Gyrinus minutus is a species of whirligig beetle in the family Gyrinidae. It is found in North America and Europe.The body is entirely black with a dull appearance due to its microsculpture. G. minutus typically inhabit open edges of larger water bodies like lakes and reservoirs but also reside in sparsely vegetated ponds and slow-flowing river parts. Their swimming abilities are weaker than other gyrinids, and they often disperse in groups when disturbed. Reproduction begins in early spring with mating on water surfaces, followed by egg-laying on aquatic plants. Larvae hatch after a week, growing quickly and reaching maturity within three to four weeks.
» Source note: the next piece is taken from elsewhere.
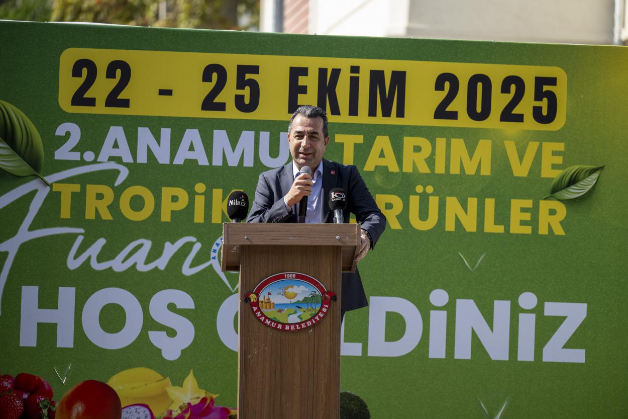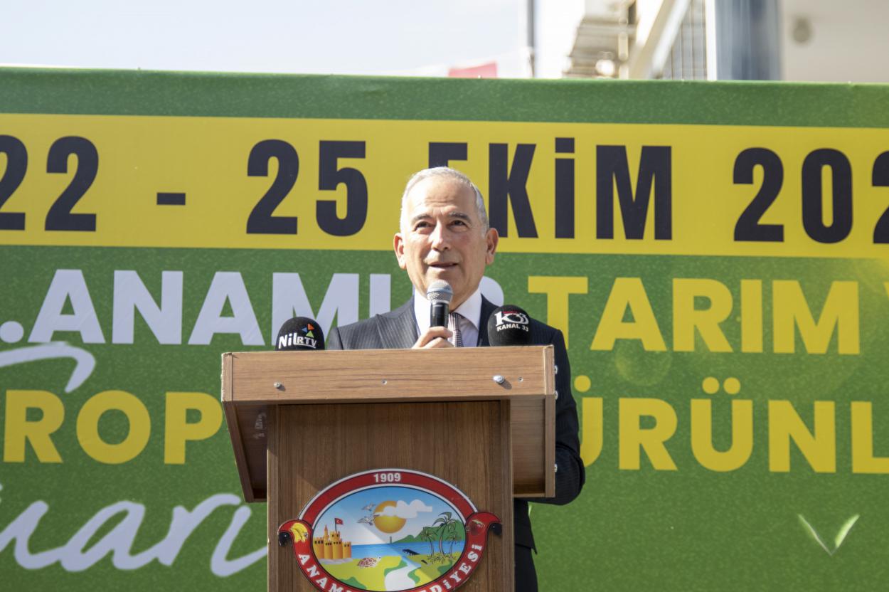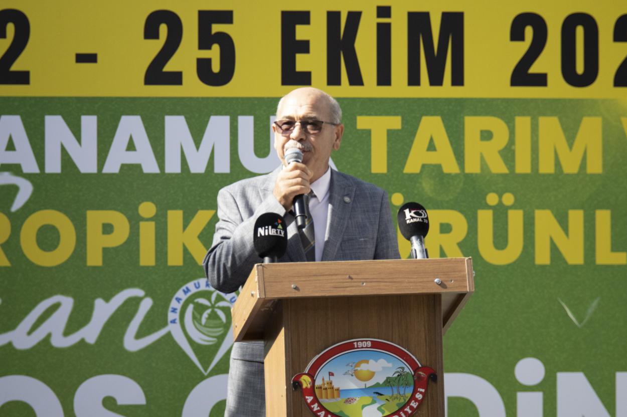 Anamur Belediye Başkanı Durmuş Deniz ise Anamur’da muz başta olmak üzere çilek, avokado, mango, ejder meyvesi, passiflora gibi 40’a yakın tropikal ürünün yetiştirilmekte olduğunu belirtti. Bu sayede üretime ve Türkiye ekonomisine yüksek miktarda katkı sunduklarından bahseden Deniz, “Tarımsal üretimde emeğin ve alın terinin bu kadar yoğun olduğu bir kentte tarım fuarı düzenlemek, bir görev olmanın yanı sıra bu topraklara duyduğumuz vefanın bir karşılığıdır. Bu kentte ticari faaliyetler yoğun olarak devam ediyorsa, refah seviyemiz yüksekse, birçok il ve ilçeye göre daha zengin bir kentte yaşıyorsak bunun başlıca sebebi özellikle kadınların çok çalışkan olması ve çalışkan insanların ilçemizde tarımsal üretimi çok iyi bir seviyede yönetmesidir” dedi.

They are capable of flight, and adults can be found in new locations throughout the summer. G. minutus lacks volatile production for predator defense or has minimal amounts, likely due to its behavior and habitat preferences. Interestingly, while G. minutus rarely aggregates, it can still respond to alarm signals from other species.

== Geographic Range ==
===North America===
In North America, the distribution of G. minutus extends across Canada and Alaska. Its range is primarily limited to the more northern regions of Manitoba and Saskatchewan but is widespread in the Northwest Territories, Yukon Territories, and Alaska. In Alberta, it is found as far south as Edmonton, excluding the Rocky Mountains, where it has been observed at least as far south as Jasper. There are also records of its presence extending south along the Rocky Mountains into Wyoming and Colorado. It’s likely to be discovered in the southern Canadian Rockies and Montana. Throughout its extensive North American range, G. minutus maintains a relatively consistent appearance. Researchers noted no differences between specimens from the Nearctic and Palearctic regions. Male specimens from Wyoming and Colorado tend to be slightly larger than those from Canada, though females show little variation.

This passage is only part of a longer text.